• _EXERCISE INSTRUCTIONS_
Reproduce only the lines below from the line containing "在调整产业结构、淘汰落后产能" to the line containing "We lopen in", exactly as written, with both end lines kept. Omit the pictures.

╔══

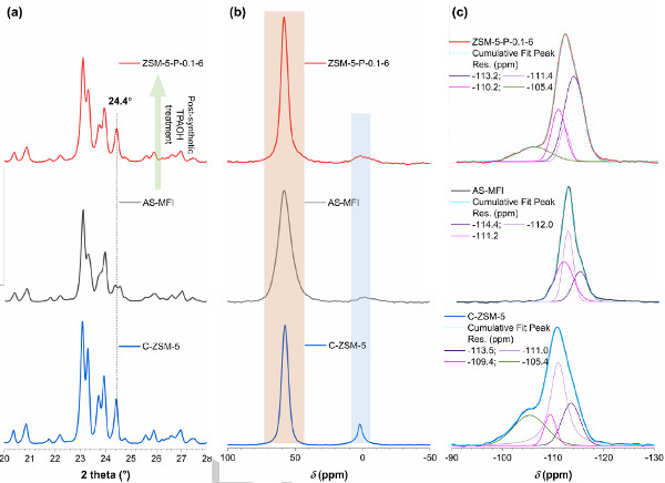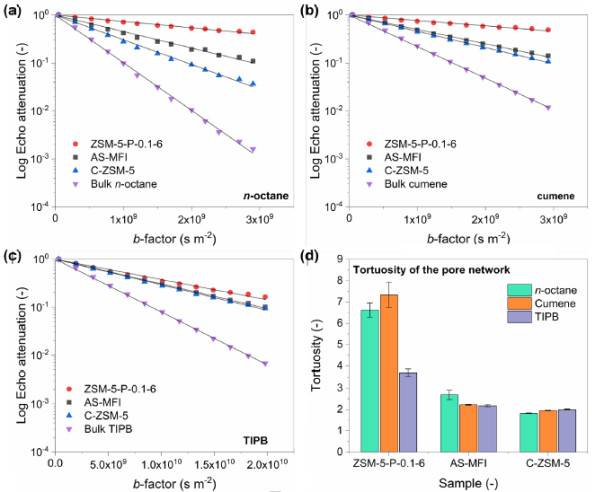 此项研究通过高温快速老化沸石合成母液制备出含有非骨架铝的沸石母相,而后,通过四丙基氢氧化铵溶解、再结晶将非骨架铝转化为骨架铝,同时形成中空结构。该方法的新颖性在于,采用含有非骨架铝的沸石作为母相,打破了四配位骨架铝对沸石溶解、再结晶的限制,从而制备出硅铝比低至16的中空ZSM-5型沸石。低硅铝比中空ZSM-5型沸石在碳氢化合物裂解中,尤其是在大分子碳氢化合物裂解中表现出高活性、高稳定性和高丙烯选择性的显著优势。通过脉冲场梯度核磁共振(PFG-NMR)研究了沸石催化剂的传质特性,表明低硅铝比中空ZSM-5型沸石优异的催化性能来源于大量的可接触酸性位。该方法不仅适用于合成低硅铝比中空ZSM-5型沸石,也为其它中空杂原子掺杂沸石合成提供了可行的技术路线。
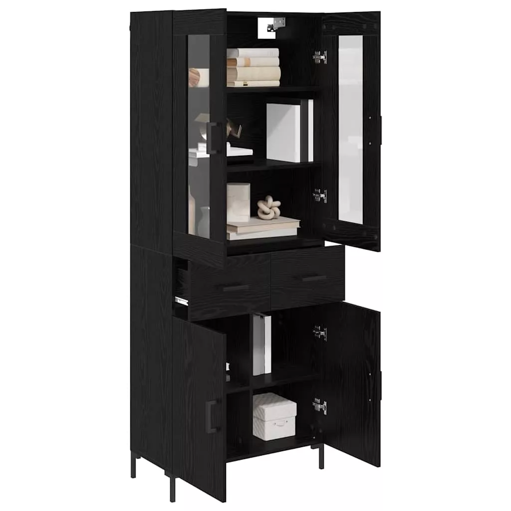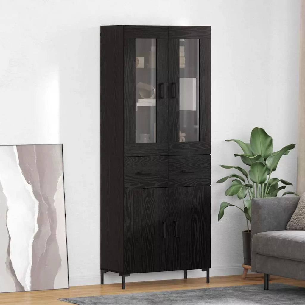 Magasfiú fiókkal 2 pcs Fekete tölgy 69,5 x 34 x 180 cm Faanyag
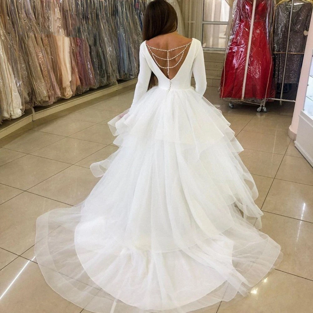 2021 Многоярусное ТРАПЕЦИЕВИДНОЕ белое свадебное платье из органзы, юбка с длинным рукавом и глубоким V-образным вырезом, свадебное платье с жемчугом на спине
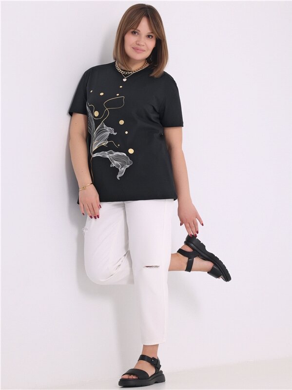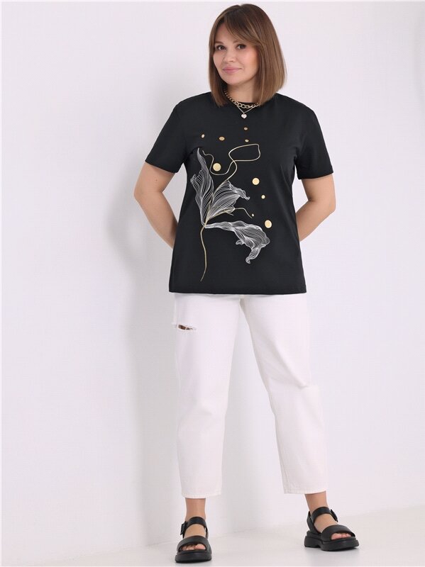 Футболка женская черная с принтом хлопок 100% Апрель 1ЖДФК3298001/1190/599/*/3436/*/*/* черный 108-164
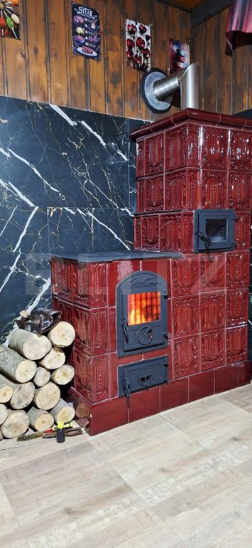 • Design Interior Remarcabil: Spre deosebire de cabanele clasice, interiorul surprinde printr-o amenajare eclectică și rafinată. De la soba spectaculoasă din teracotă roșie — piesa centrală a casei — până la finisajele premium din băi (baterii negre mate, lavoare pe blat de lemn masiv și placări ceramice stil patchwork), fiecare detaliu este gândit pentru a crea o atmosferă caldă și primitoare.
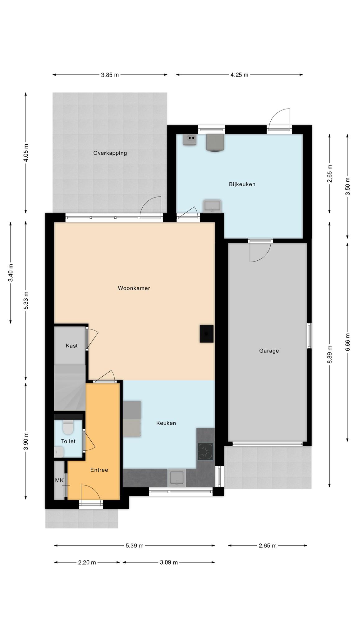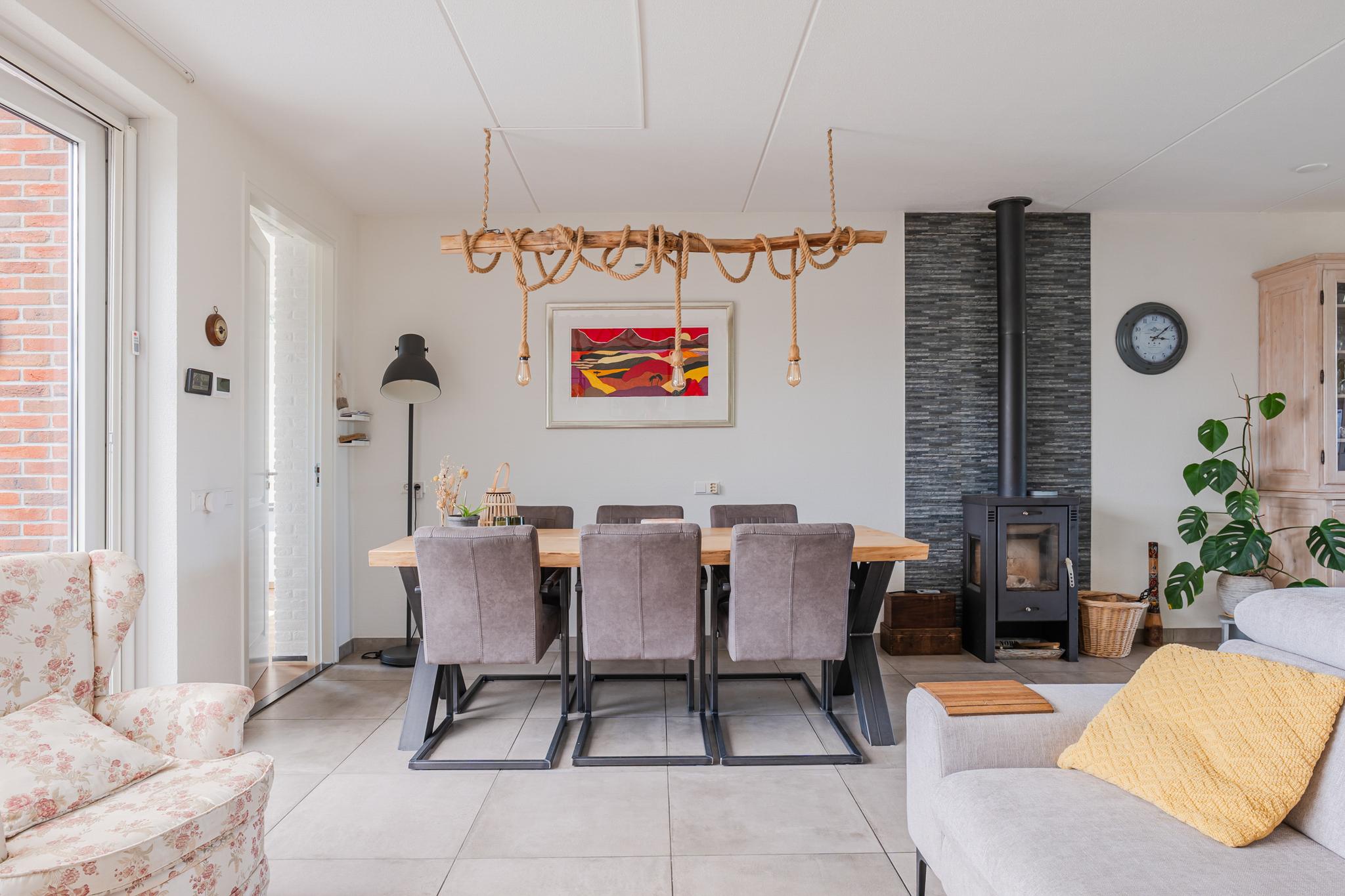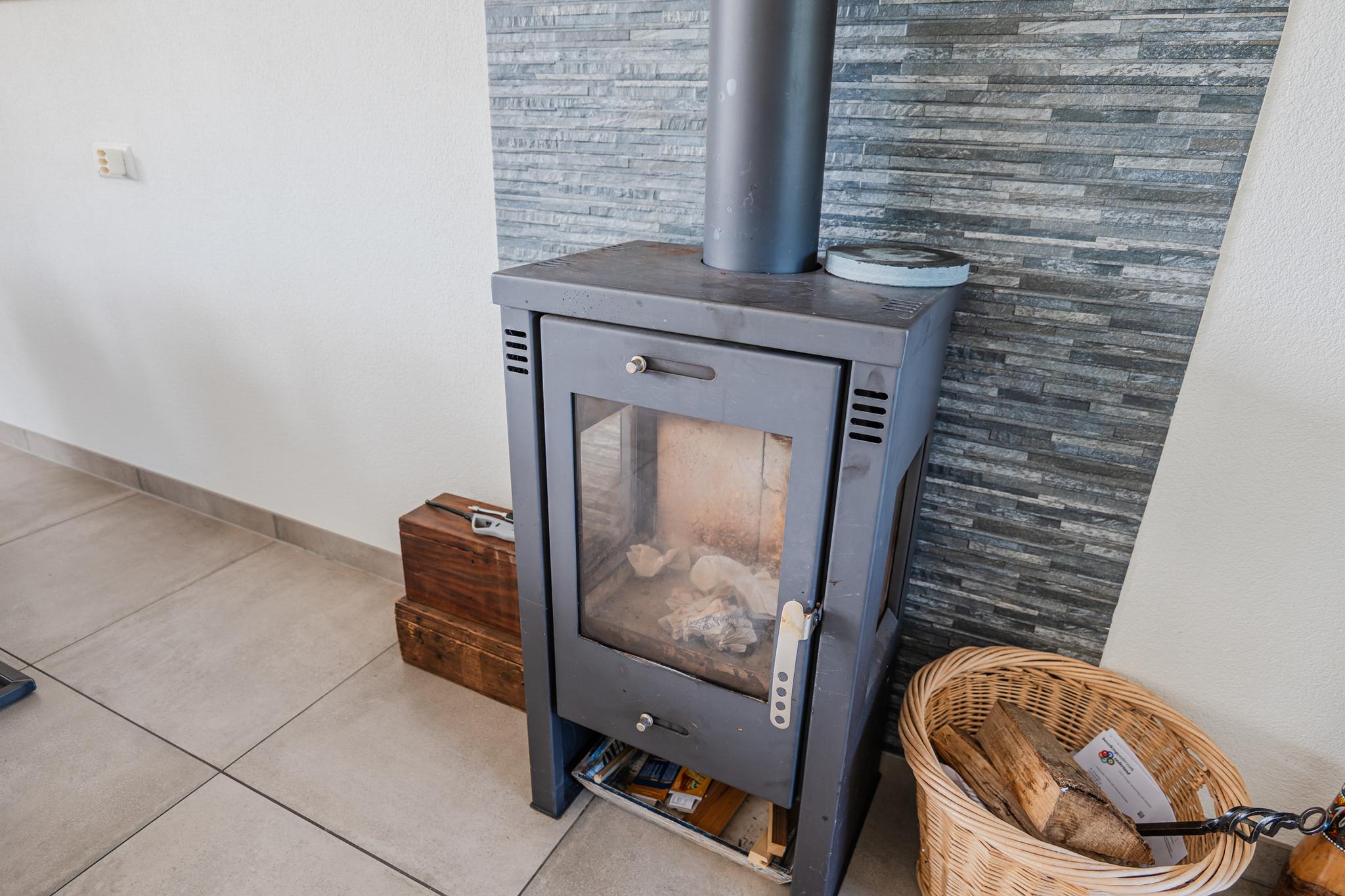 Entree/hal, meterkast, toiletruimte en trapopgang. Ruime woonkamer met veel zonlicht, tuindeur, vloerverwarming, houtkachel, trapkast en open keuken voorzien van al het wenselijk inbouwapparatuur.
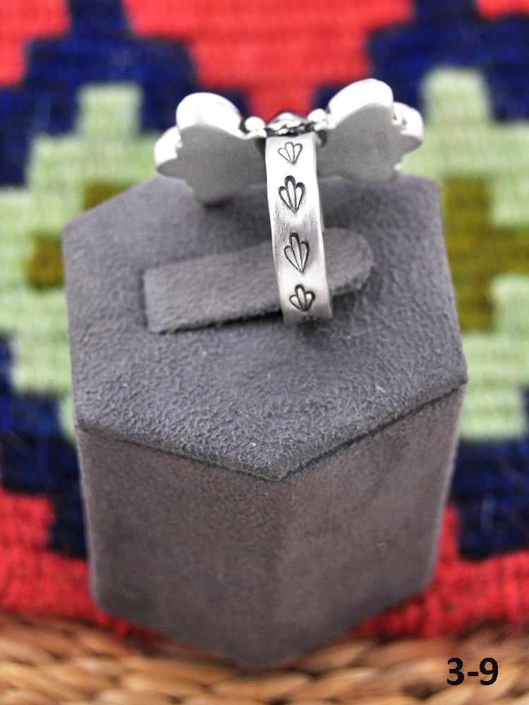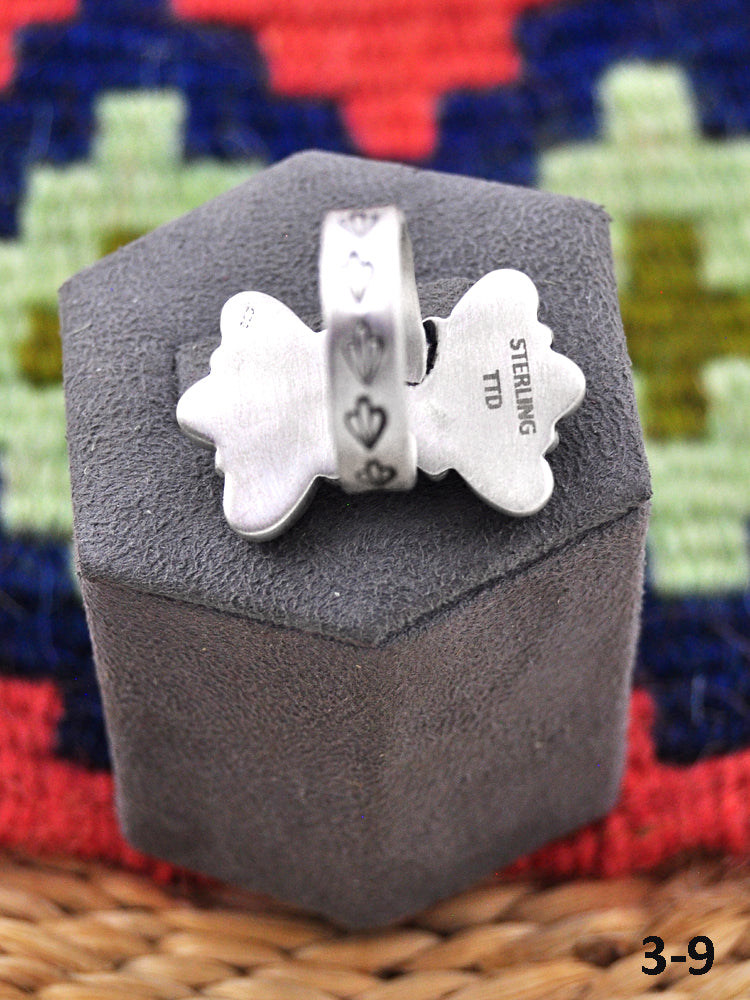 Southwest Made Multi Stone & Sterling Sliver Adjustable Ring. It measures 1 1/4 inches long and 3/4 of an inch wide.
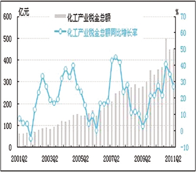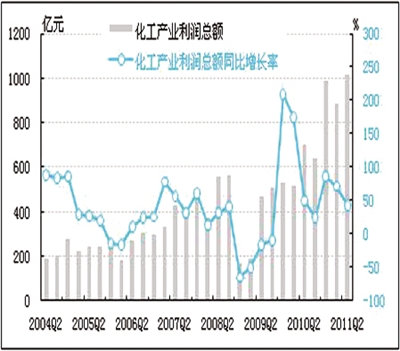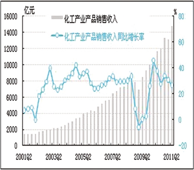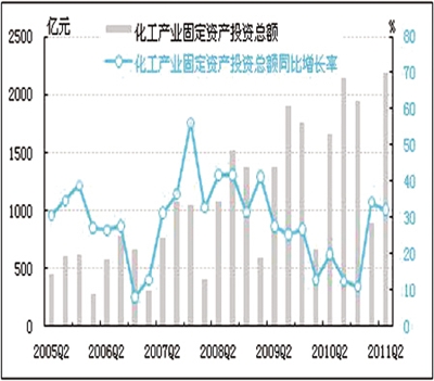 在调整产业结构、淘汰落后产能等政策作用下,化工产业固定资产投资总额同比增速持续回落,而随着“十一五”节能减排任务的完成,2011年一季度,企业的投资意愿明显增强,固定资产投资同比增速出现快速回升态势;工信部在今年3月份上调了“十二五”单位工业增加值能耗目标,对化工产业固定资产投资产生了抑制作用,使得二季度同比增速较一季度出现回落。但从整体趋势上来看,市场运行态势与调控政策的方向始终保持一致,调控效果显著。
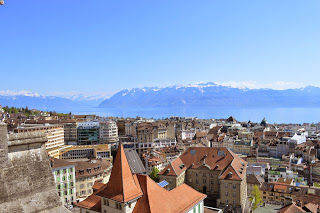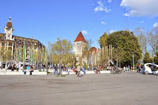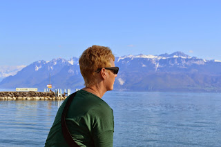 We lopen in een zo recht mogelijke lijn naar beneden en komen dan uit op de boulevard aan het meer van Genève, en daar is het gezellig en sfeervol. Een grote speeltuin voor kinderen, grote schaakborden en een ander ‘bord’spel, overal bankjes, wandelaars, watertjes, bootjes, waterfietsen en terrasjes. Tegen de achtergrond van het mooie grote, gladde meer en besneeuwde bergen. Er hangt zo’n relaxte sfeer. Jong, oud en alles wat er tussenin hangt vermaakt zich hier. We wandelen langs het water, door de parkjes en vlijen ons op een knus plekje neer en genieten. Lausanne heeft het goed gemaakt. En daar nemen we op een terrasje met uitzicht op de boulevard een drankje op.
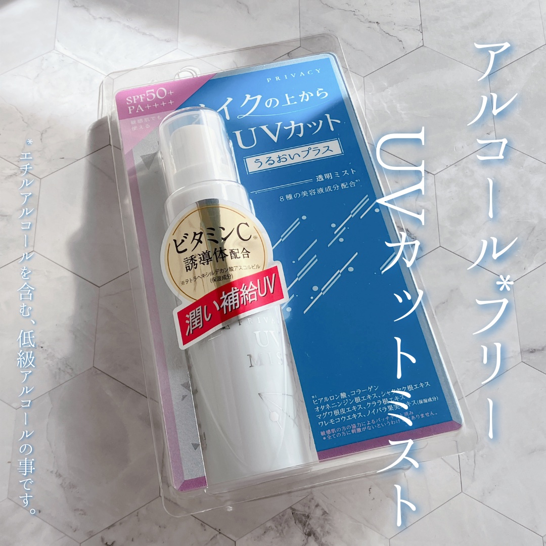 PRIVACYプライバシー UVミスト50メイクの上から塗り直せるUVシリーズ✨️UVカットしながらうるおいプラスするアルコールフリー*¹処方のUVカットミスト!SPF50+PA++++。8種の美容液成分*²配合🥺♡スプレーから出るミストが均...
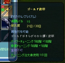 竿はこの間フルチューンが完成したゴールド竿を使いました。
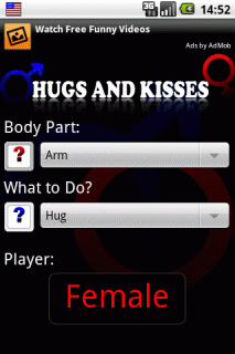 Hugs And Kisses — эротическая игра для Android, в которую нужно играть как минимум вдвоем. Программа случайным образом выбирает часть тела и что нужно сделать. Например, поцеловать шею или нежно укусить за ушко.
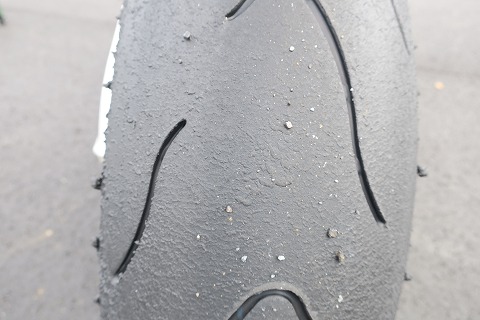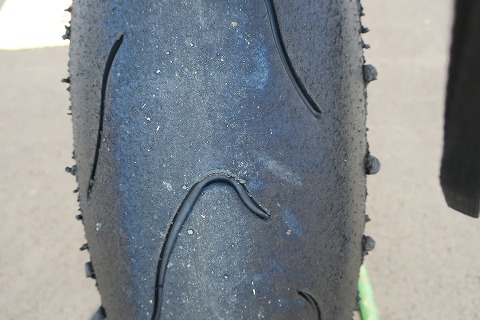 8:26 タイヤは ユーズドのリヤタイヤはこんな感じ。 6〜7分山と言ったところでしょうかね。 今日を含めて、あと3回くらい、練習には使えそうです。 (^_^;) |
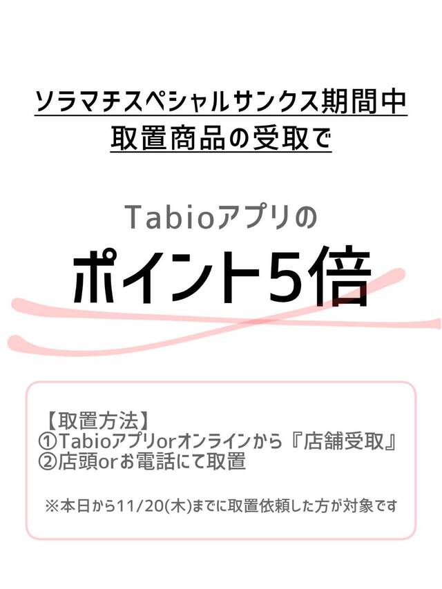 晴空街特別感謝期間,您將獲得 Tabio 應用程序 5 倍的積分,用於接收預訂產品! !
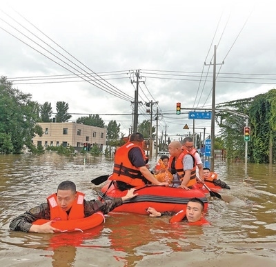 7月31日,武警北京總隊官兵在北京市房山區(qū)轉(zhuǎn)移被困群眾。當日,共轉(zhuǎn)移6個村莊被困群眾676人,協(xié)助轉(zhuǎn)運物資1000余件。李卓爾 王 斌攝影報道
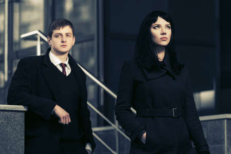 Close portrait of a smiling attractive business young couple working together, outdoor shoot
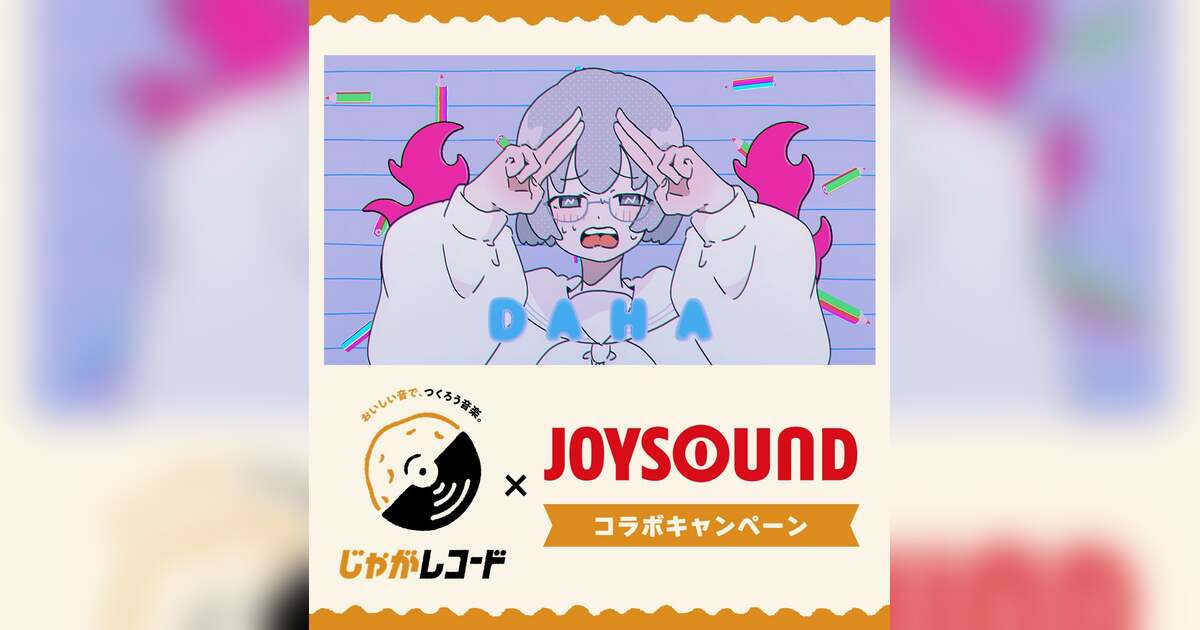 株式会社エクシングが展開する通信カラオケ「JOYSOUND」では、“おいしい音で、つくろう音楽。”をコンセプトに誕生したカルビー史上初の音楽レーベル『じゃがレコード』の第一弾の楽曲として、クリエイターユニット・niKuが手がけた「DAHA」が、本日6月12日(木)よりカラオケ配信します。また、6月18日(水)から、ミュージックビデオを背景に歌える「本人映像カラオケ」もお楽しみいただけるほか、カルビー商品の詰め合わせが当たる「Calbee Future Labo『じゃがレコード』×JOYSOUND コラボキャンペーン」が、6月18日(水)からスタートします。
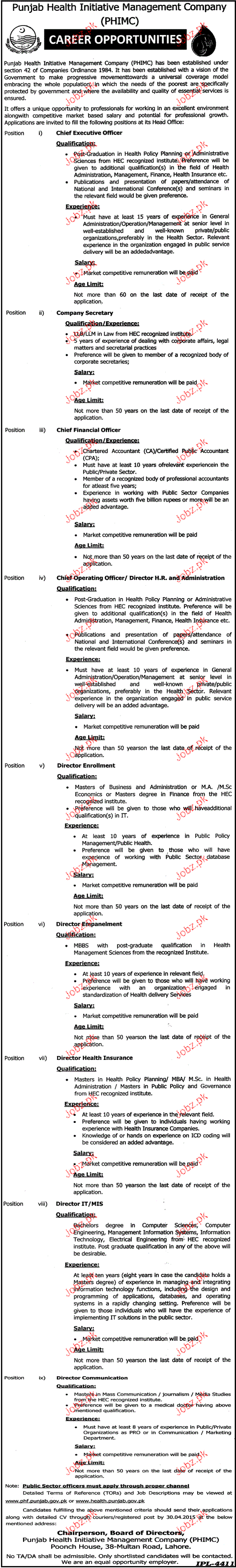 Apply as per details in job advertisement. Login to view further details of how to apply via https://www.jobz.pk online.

╚══

• _RESULT OF THE EXERCISE_
 在调整产业结构、淘汰落后产能等政策作用下,化工产业固定资产投资总额同比增速持续回落,而随着“十一五”节能减排任务的完成,2011年一季度,企业的投资意愿明显增强,固定资产投资同比增速出现快速回升态势;工信部在今年3月份上调了“十二五”单位工业增加值能耗目标,对化工产业固定资产投资产生了抑制作用,使得二季度同比增速较一季度出现回落。但从整体趋势上来看,市场运行态势与调控政策的方向始终保持一致,调控效果显著。
 We lopen in een zo recht mogelijke lijn naar beneden en komen dan uit op de boulevard aan het meer van Genève, en daar is het gezellig en sfeervol. Een grote speeltuin voor kinderen, grote schaakborden en een ander ‘bord’spel, overal bankjes, wandelaars, watertjes, bootjes, waterfietsen en terrasjes. Tegen de achtergrond van het mooie grote, gladde meer en besneeuwde bergen. Er hangt zo’n relaxte sfeer. Jong, oud en alles wat er tussenin hangt vermaakt zich hier. We wandelen langs het water, door de parkjes en vlijen ons op een knus plekje neer en genieten. Lausanne heeft het goed gemaakt. En daar nemen we op een terrasje met uitzicht op de boulevard een drankje op.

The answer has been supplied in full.